§ **What this task involves**
Lower down are entries containing pictures. Copy exactly, without those pictures, the lines from the line with "Ziel des Innovationsprojektes" through the line with "Um das Ganze".

§ **Recorded data**
=== Section Start ===

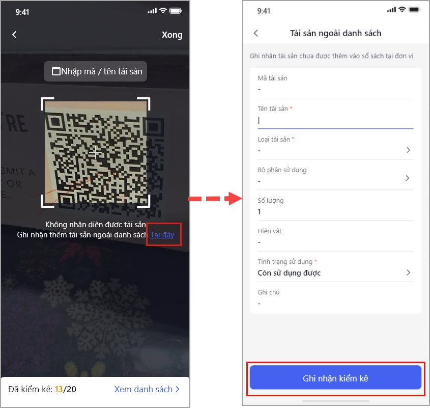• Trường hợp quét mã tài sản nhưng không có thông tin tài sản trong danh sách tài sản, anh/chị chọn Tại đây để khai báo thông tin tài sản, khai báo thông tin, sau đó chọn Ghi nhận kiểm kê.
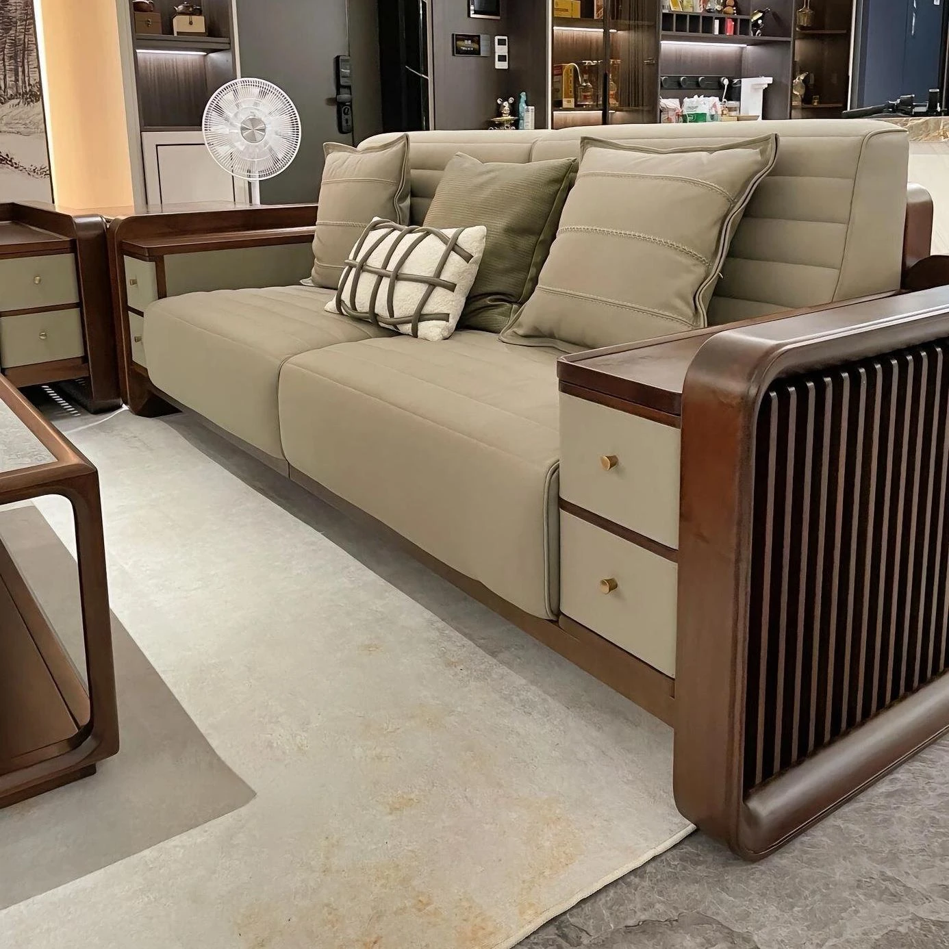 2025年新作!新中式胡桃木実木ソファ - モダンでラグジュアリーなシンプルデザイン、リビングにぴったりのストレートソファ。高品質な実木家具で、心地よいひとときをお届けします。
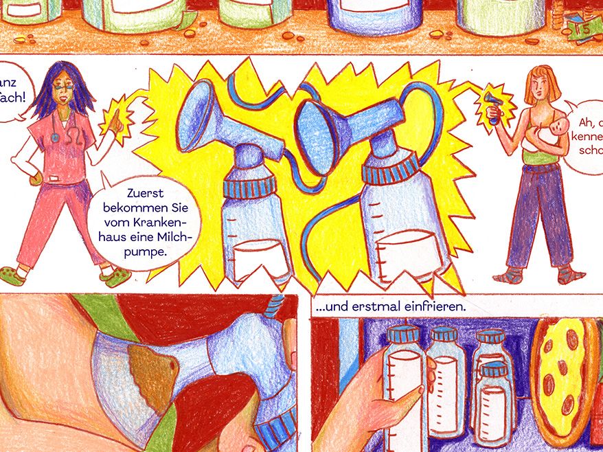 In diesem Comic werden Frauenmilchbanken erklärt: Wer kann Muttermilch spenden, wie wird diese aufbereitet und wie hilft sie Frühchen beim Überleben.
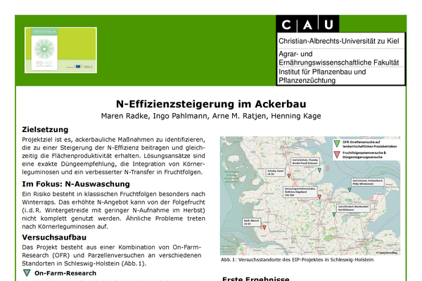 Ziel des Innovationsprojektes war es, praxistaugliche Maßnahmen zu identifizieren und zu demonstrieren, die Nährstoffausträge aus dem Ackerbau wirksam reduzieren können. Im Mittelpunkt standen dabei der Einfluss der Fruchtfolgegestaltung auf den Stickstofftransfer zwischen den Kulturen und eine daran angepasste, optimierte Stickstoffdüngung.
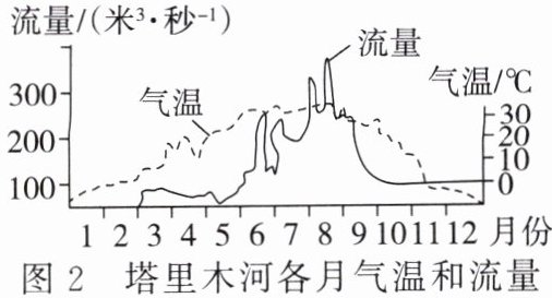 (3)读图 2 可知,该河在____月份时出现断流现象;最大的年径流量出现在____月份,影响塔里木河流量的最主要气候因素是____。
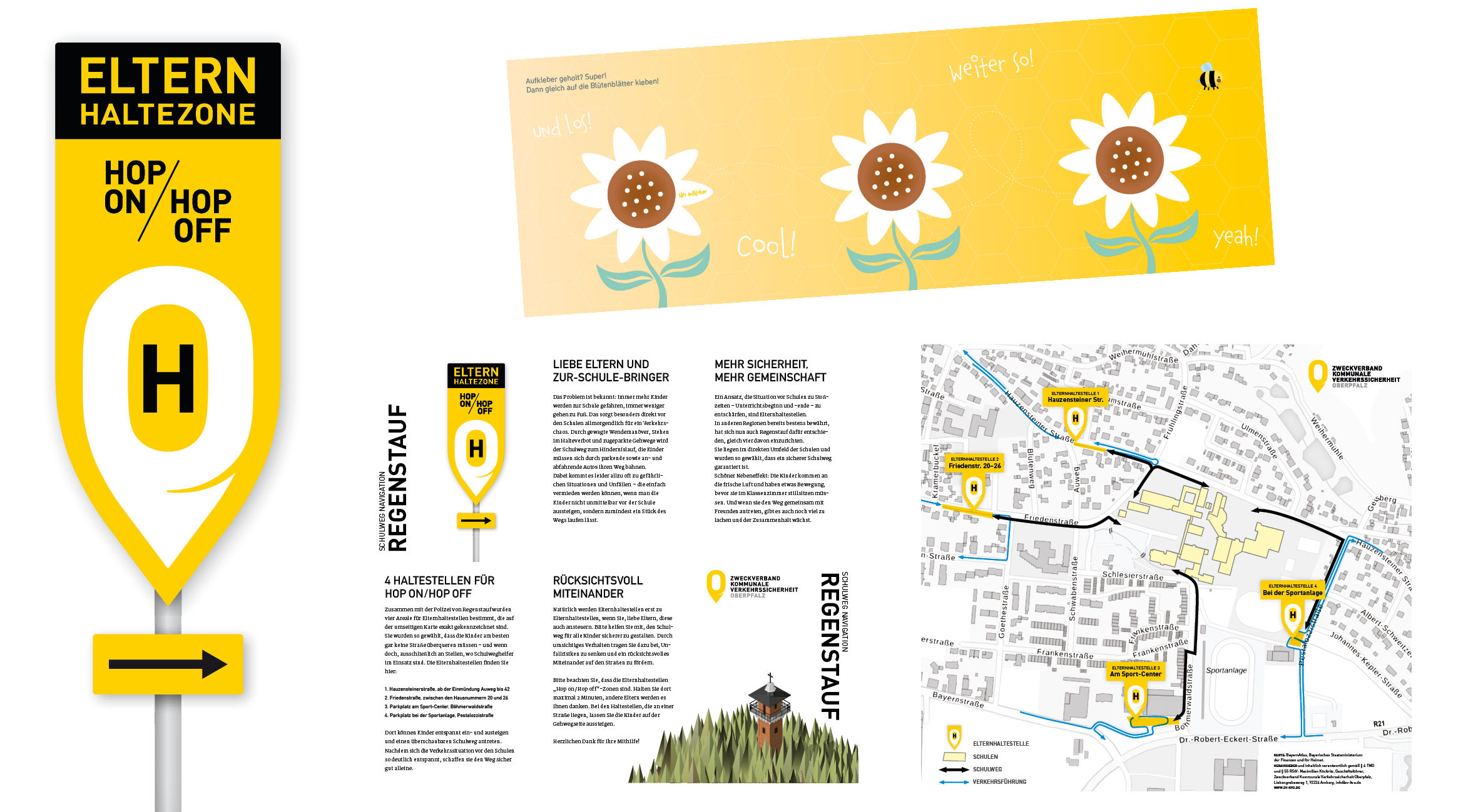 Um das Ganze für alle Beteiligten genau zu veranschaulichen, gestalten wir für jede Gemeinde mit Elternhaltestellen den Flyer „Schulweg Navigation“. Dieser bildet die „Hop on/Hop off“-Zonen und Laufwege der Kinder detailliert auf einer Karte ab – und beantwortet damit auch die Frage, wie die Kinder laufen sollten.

=== Section End ===
=== Section Start ===

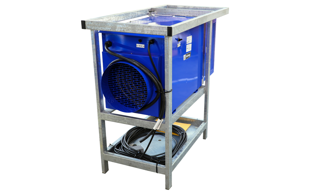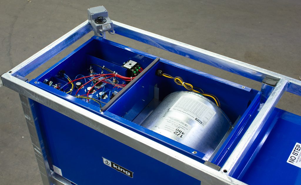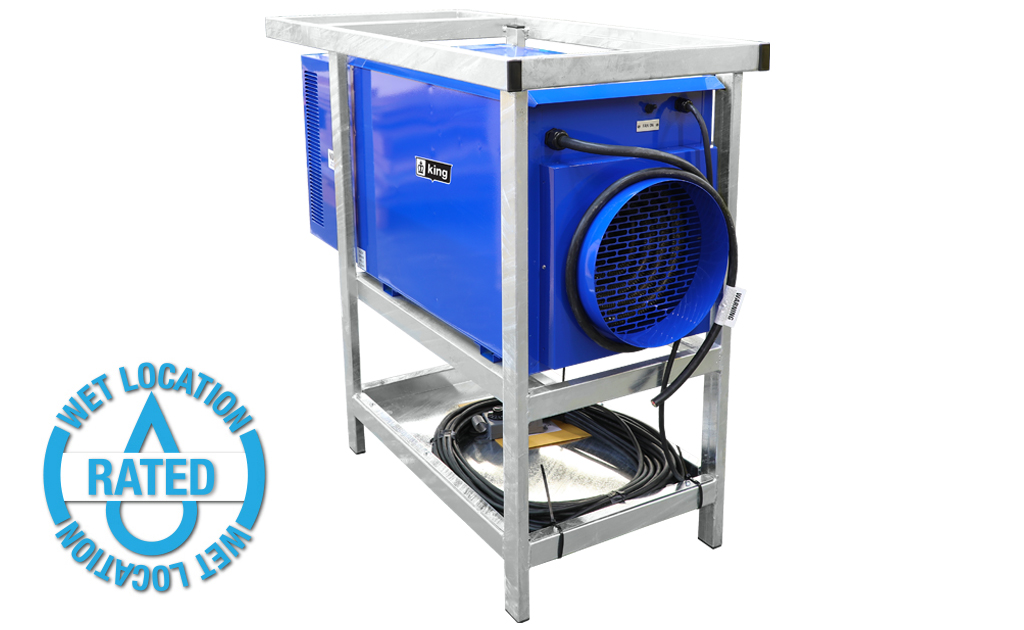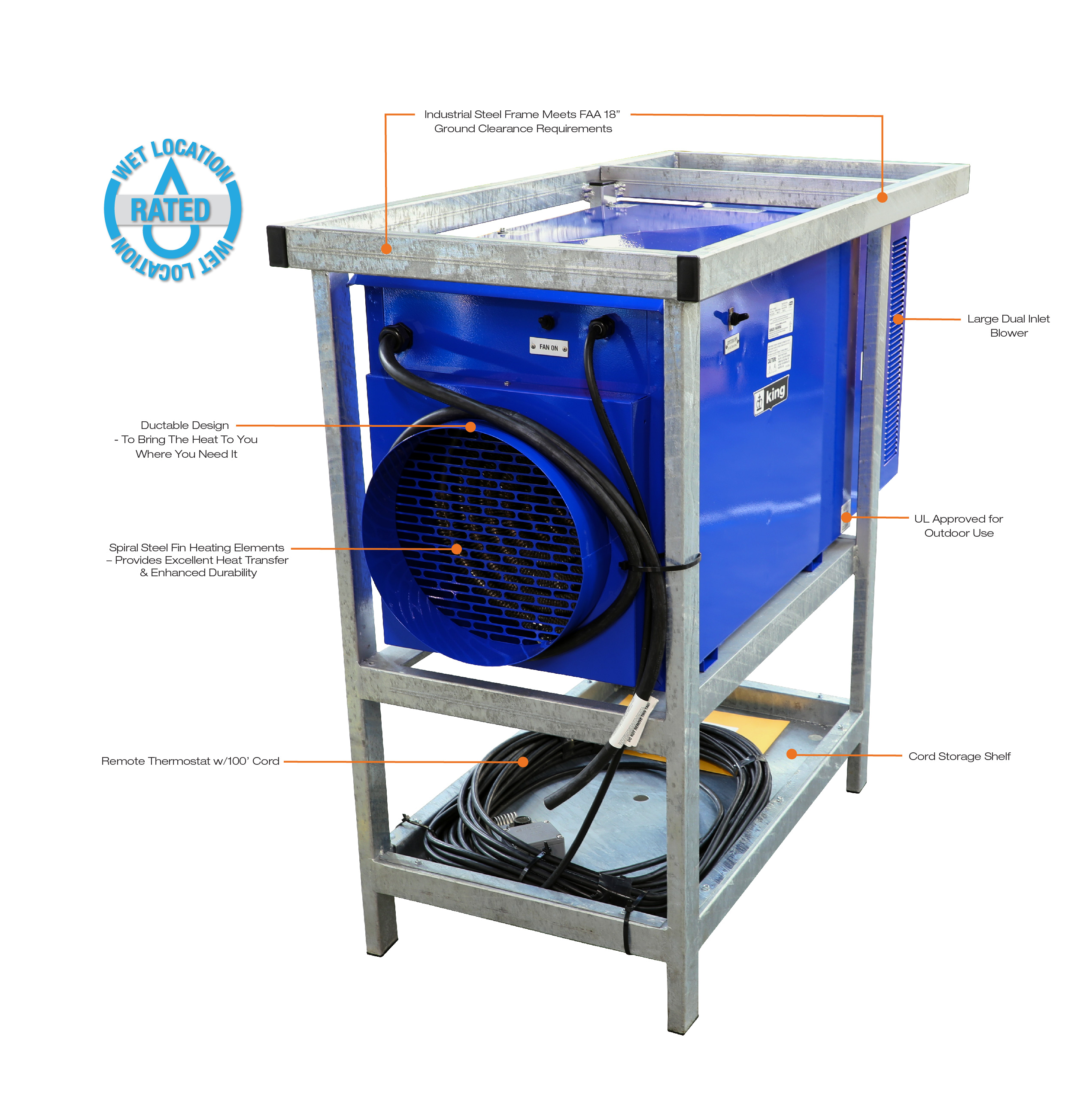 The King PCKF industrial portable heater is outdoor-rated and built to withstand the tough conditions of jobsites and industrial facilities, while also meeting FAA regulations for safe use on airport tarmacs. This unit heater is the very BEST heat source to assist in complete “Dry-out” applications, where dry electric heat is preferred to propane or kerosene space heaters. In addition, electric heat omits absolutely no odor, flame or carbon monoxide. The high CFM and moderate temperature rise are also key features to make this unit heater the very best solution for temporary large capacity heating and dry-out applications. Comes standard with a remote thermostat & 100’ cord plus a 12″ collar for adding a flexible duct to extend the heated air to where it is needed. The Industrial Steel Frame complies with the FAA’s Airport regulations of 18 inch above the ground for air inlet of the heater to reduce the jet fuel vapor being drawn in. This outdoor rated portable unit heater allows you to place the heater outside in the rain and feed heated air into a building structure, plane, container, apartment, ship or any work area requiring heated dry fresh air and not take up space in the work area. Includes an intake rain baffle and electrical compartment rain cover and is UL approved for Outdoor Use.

=== Section End ===

§ **Written answer**
 Ziel des Innovationsprojektes war es, praxistaugliche Maßnahmen zu identifizieren und zu demonstrieren, die Nährstoffausträge aus dem Ackerbau wirksam reduzieren können. Im Mittelpunkt standen dabei der Einfluss der Fruchtfolgegestaltung auf den Stickstofftransfer zwischen den Kulturen und eine daran angepasste, optimierte Stickstoffdüngung.
 (3)读图 2 可知,该河在____月份时出现断流现象;最大的年径流量出现在____月份,影响塔里木河流量的最主要气候因素是____。
 Um das Ganze für alle Beteiligten genau zu veranschaulichen, gestalten wir für jede Gemeinde mit Elternhaltestellen den Flyer „Schulweg Navigation“. Dieser bildet die „Hop on/Hop off“-Zonen und Laufwege der Kinder detailliert auf einer Karte ab – und beantwortet damit auch die Frage, wie die Kinder laufen sollten.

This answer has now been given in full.